To the Microsoft faithful I say, to the forums, man you blogs, “Tear ’em up! muahahahahaha”
“Closed ecosystem doesn’t accept much content from other software.”
What? Let’s not let reality get in the way of a good sound bite.
iLife accepts a WIDE range of standard image, video, and audio files. VERY wide. Better, I would say, than many non-QuickTime-enabled apps.
Maybe they just mean that you can’t import WMV clips? I bet you can, for free, with Flip4Mac.
iWeb has been a total and complete let down. It’s totally worthless without .mac account and frankly, I don’t need another web page to design.
I’D LIKE TO DESIGN THE ONES I HAVE ALREADY!

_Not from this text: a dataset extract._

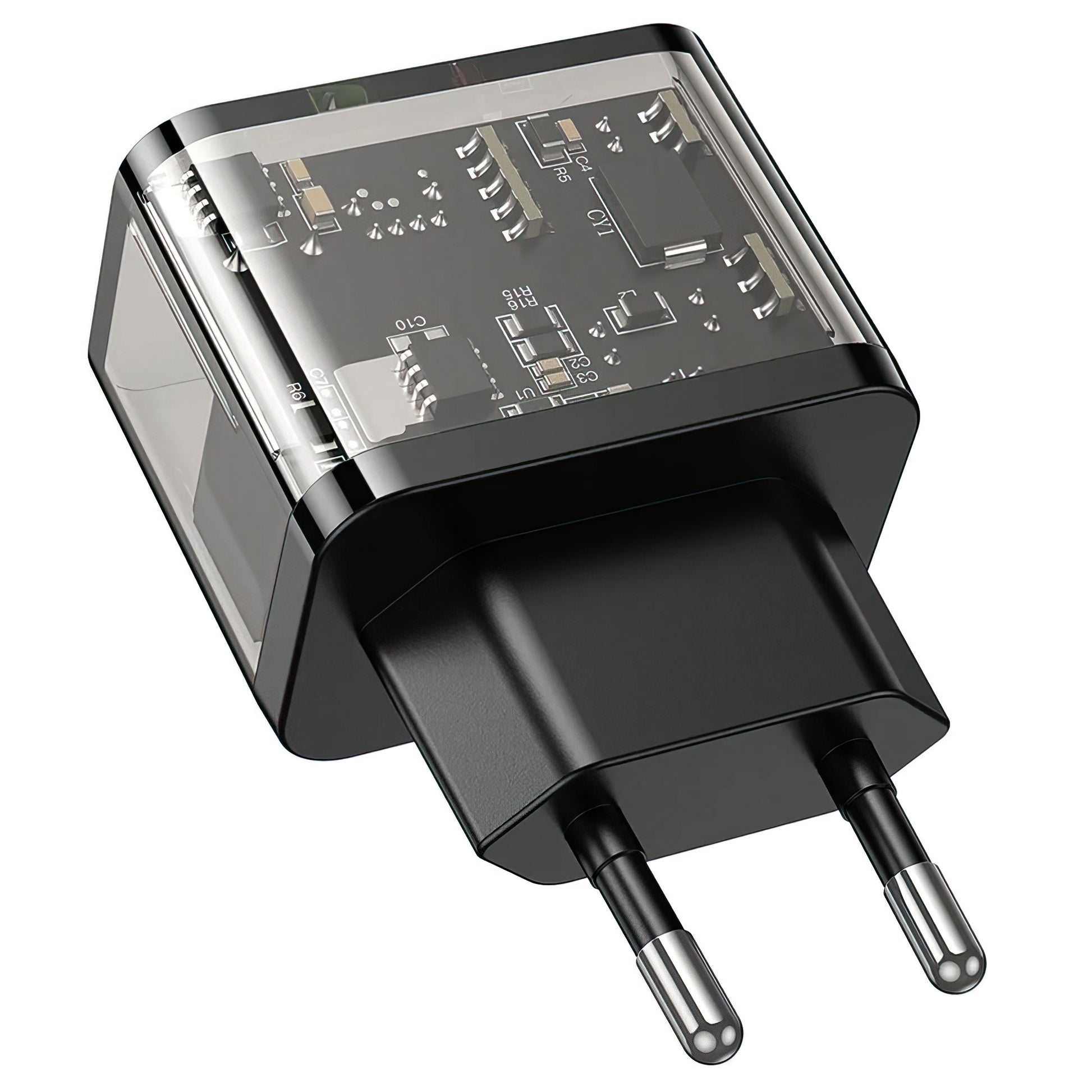 Hoco N34 ist ein transparentes Wandladegerät mit Schnellladefunktion und Doppelausgang, ideal für die effiziente Stromversorgung von zwei

They need to make a Web program for iWork. I’m kind of shocked though, I haven’t been this completely disappointed in a Mac software in a long long time.
iWeb is very Microsoftish.
@toby
I see your point. But I have a .Mac account and therefore iWeb is my favourite iLife app.
It is more flexible than most people realise and you can make tasteful, professional looking web pages very easily.
Another thing the reviewer didn’t really focus on is the integration of iPhoto with .Mac. If you want your family all around the world to see your photos, this is a good solution (again, only if you can afford a .Mac account).
Don’t get me wrong, I have always believed .Mac should be free. Then it would be a much better differentiator for Apple. And I can’t believe they currently make much money out of it anyway.
Synthmeister,
none of those features you listed stops or slows you down if you are just in it for making music.
You play, record, save it, thats what most people are happy with and all they need.
If you are just for recording (say some others band) then its different case. But for what the name Garageband implies, it does everything perfectly.
Some people seem to treat their sequencer software as an instrument which it is not. I’ve been using Logic since version 4, Cubase from its vst24 days, and now i do everything, absolutely EVERYTHING, using very little of external plugins, in Ableton, because it is simple and stable. Garageband is also simple and its rather stable too. Thats what recording your music should be also. In my opinion, there is not even a real need for mixer automation (which is rather basic feature of all recording softwares), as there are much more better ways to do it than just wiggle your mouse.